The Heart River is a river in northern Alberta, Canada. It is a major tributary of the Peace River.

The motto of the village of Nampa, Alberta is A Place close to the Heart, a reference to the river flowing through the community.

==Course==
The Heart River originates in Northern Sunrise County in Alberta, at an elevation of 745 m. It flows north through an unnamed lake, then turns westwards as it heads through Harmon Valley Park. It receives the waters from the Harmon Valley Creek as it passes by the settlement of Harmon Valley, then turns south. Up until this point, it is the North Heart River as differentiated from the South Heart River. It receives the waters of Bearhead Creek (also carrying waters from the Benjamin Creek from the east), then turns again westward. It is paralleled by the Mackenzie Northern Railway as it passes by the hamlet of Reno and through the village of Nampa.

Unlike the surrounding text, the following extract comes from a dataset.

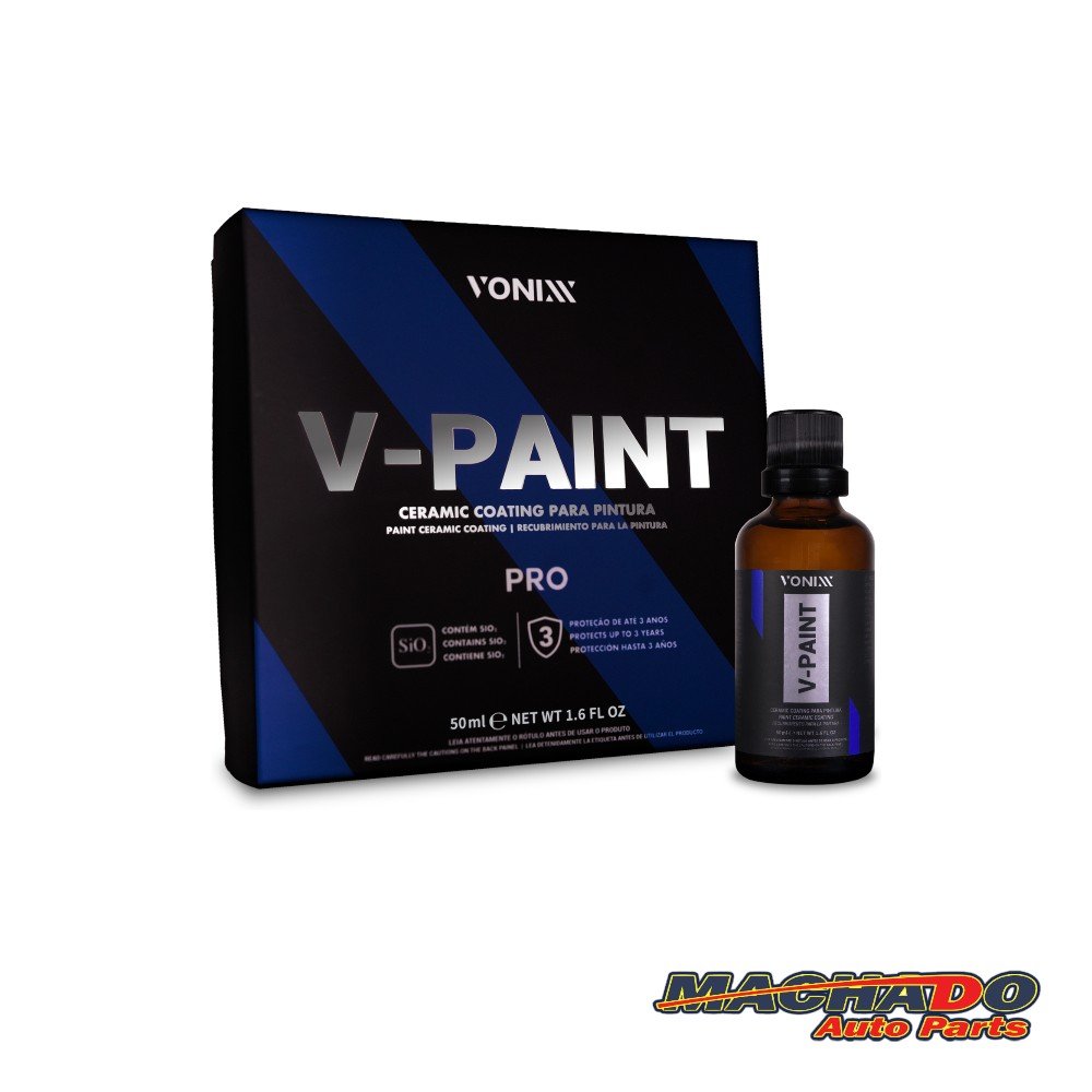V-PAINT Pro é um ceramic coating para pintura com durabilidade de até 3 anos, desenvolvido com moléculas de silício que revestem a superfície veicular e formam uma barreira nanotecnológica de alta resistência. V-PAINT Pro promove hidrorrepelência, proteção UV e brilho profundo. O nanofilme formado na pintura minimiza efeitos nocivos de seivas de árvores, excrementos de pássaros, ação de raios solares, maresia, chuva ácida e até mesmo os microrriscos causados por lavagens mal executadas, evitando o desgaste precoce da pintura.

Heart River then receives Myrtle Creek, which is flowing north just east of the village of Nampa. It is crossed by Highway 2, then continues westwards by the hamlet of Marie-Reine, then turns north and flows through a 150 m deep canyon through the Greene Valley Provincial Park. It then empties in the Peace River, immediately downstream from the Smoky River mouth, at an elevation of 320 m, within the Peace River town limits.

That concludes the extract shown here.